In a further particular embodiment, in the twist part forming step, the tip end part of the conductive wire 21 is bent in such a direction and at such a curvature that the tip end part can be wound in a standing posture on the outer peripheral surface of the core 1, and thereafter, the twist part 3 is formed on the tip end side of a bent portion. And in the conductive wire winding step, the conductive wire 21 on the tip end side with respect to the twist part 3 is placed so as to follow the outer peripheral surface of the core 1.

Also, in the twist part forming step, after forming the twist part 3 on the tip end part of the conductive wire 21, the conductive wire 21 on the tip end side with respect to the twist part 3 is bent in such a direction that the conductive wire 21 follows the outer peripheral surface of the core 1.

The conductive wire 21 has a cross-sectional shape with different second moments of area in directions perpendicular to each other. In the first step, the conductive wire 21 on the tip end side with respect to the twist part 3 is bent in a direction where the second moment of area is smaller to be wound around the outer peripheral surface of the core 1. And in the second step, the conductive wire 21 arranged rearward continuously from the twist part 3 is bent in a direction where the second moment of area is greater to be wound around the outer peripheral surface of the core 1.

In a further particular embodiment, in the second step, the conductive wire 21 is fed toward a forming member, the core 1 placed on a plane crossing a direction in which the conductive wire 21 is fed is rotated around a central axis of the core 1, and the conductive wire 21 is pressed against a forming surface of the forming member, to bend the conductive wire 21 and wind the conductive wire 21 around the outer peripheral surface of the core 1.

According to the present invention, in a manufacturing method of a coil device which employs a conductive wire having a cross-sectional shape with a height dimension greater than a width dimension to form a coil, by employing a simple step of only winding the conductive wire around an outer peripheral surface of a core with a tip end part of the conductive wire to be one lead part twisted, subsequent formation of the lead part can be performed easily.

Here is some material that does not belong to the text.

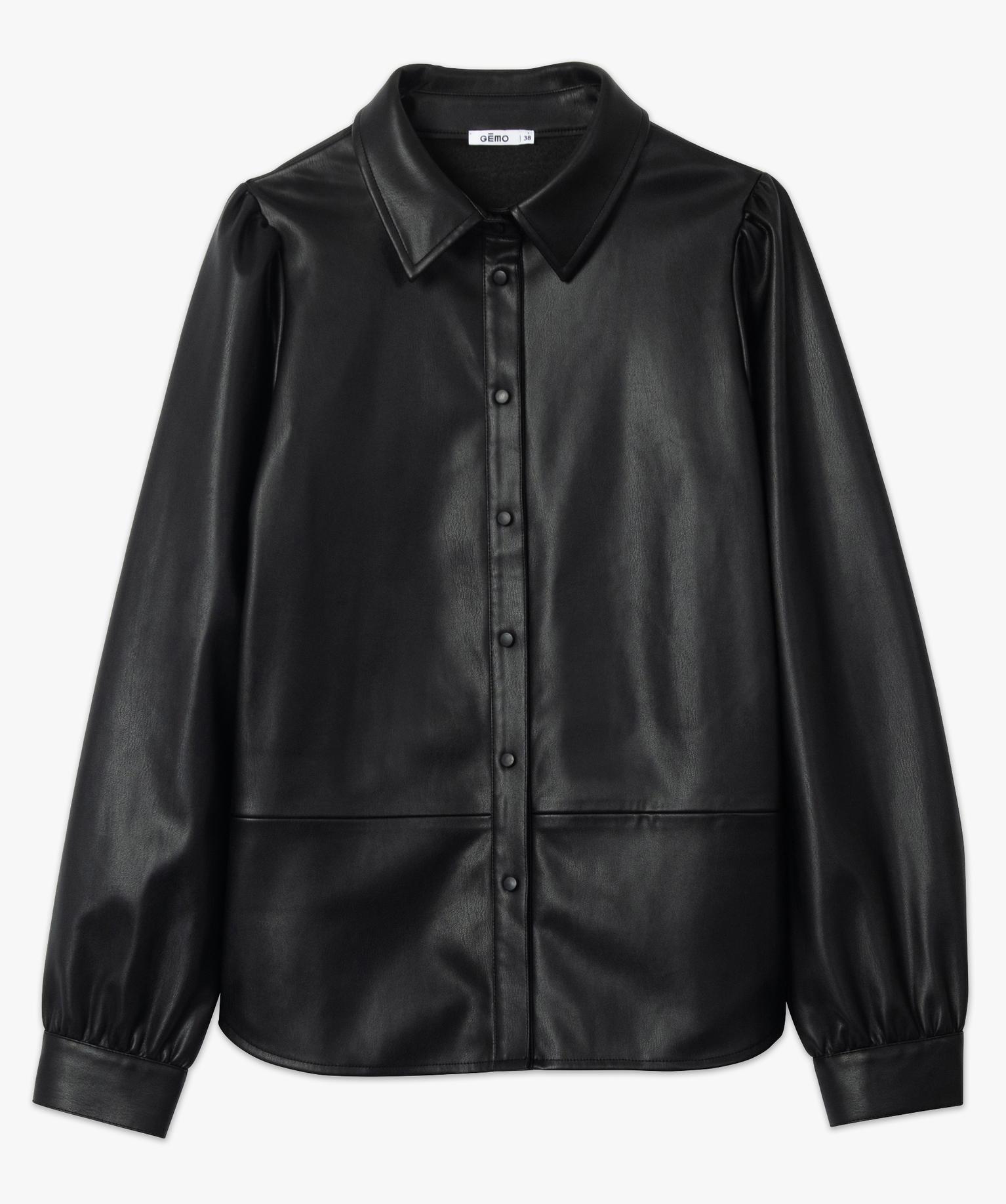 La traditionnelle chemise pour femme adopte un look atypique grâce à sa composition en matière synthétique imitation cuir. Une chemise à manches longues inspirée de la tendance rock, mais qui affiche des détails résolument féminins comme des fronces aux épaules et aux poignets, un bas arrondi et un pli plat dans le dos. Une chemise fermée par boutons pression, à porter fermée ou ouverte sur un tee-shirt.

FIG. 1 is a perspective view of a coil device according to the present invention;

FIG. 2 is a cross-sectional view showing an essential part in a state where the coil device is mounted on a substrate;

FIG. 3 is a front view showing a configuration of a manufacturing apparatus for manufacturing the coil device according to the present invention;

FIG. 4 is a view showing a step of bending a tip end part of a conductive wire with a tip end part forming device;

FIG. 5 is a view showing a step of twisting the tip end part of the conductive wire with the tip end part forming device;

FIG. 6 is a perspective view showing a twist lever for twisting the tip end part of the conductive wire;

FIG. 7 is a perspective view showing a state where the tip end part of the conductive wire is twisted by the twist lever;

FIG. 8 is a perspective view showing a state where the tip end part of the conductive wire is bent by a conductive wire folding mechanism;

FIG. 9 is a front view showing a state where the tip end part of the conductive wire is bent by the conductive wire folding mechanism;

FIG. 10 is a view showing a first stage of a preparation step of the winding using the forming device;

FIG. 11 is a view showing a second stage of the preparation step of the winding using the forming device;

FIG. 12 is a partially broken front view showing a state where the tip end part of the conductive wire is hooked on an outer peripheral surface of a core;

FIG. 13 is a view showing an initial state of a step of feeding the conductive wire from a conductive wire feeding device and winding the conductive wire around the outer peripheral surface of the core;

FIG. 14 is a view showing in an enlarged manner an essential part of a step of winding the conductive wire around the outer peripheral surface of the core;

FIG. 15 is a perspective view showing an initial state of the step of winding the conductive wire around the outer peripheral surface of the core;

FIG. 16 is a perspective view showing a halfway state of the step of winding the conductive wire around the outer peripheral surface of the core;

FIG. 17 is a perspective view showing a form of the coil when the step of winding the conductive wire around the outer peripheral surface of the core is completed;

FIG. 18 is a perspective view showing a form of the coil when a pair of lead parts is formed on a coil;

FIG. 19 is a view showing a step of transforming the tip end part of the conductive wire wound around the outer peripheral surface of the core in a direction apart from the core using a spatula;

FIG. 20 is a cross-sectional view showing another configuration example of the coil device according to the present invention;

FIG. 21 is a cross-sectional view showing a further configuration example of the coil device according to the present invention;

FIG. 22 is a view showing cross-sectional shapes of various conductive wires;

FIG. 23 is a perspective view showing a manufacturing apparatuses of a conventional coil device;

FIG. 24 is a view showing a step of forming a winding portion of the coil with the conventional manufacturing apparatus;

FIG. 25 is a perspective view for explaining a function of a forming member; and

FIG. 26 is a process drawing showing another conventional manufacturing method.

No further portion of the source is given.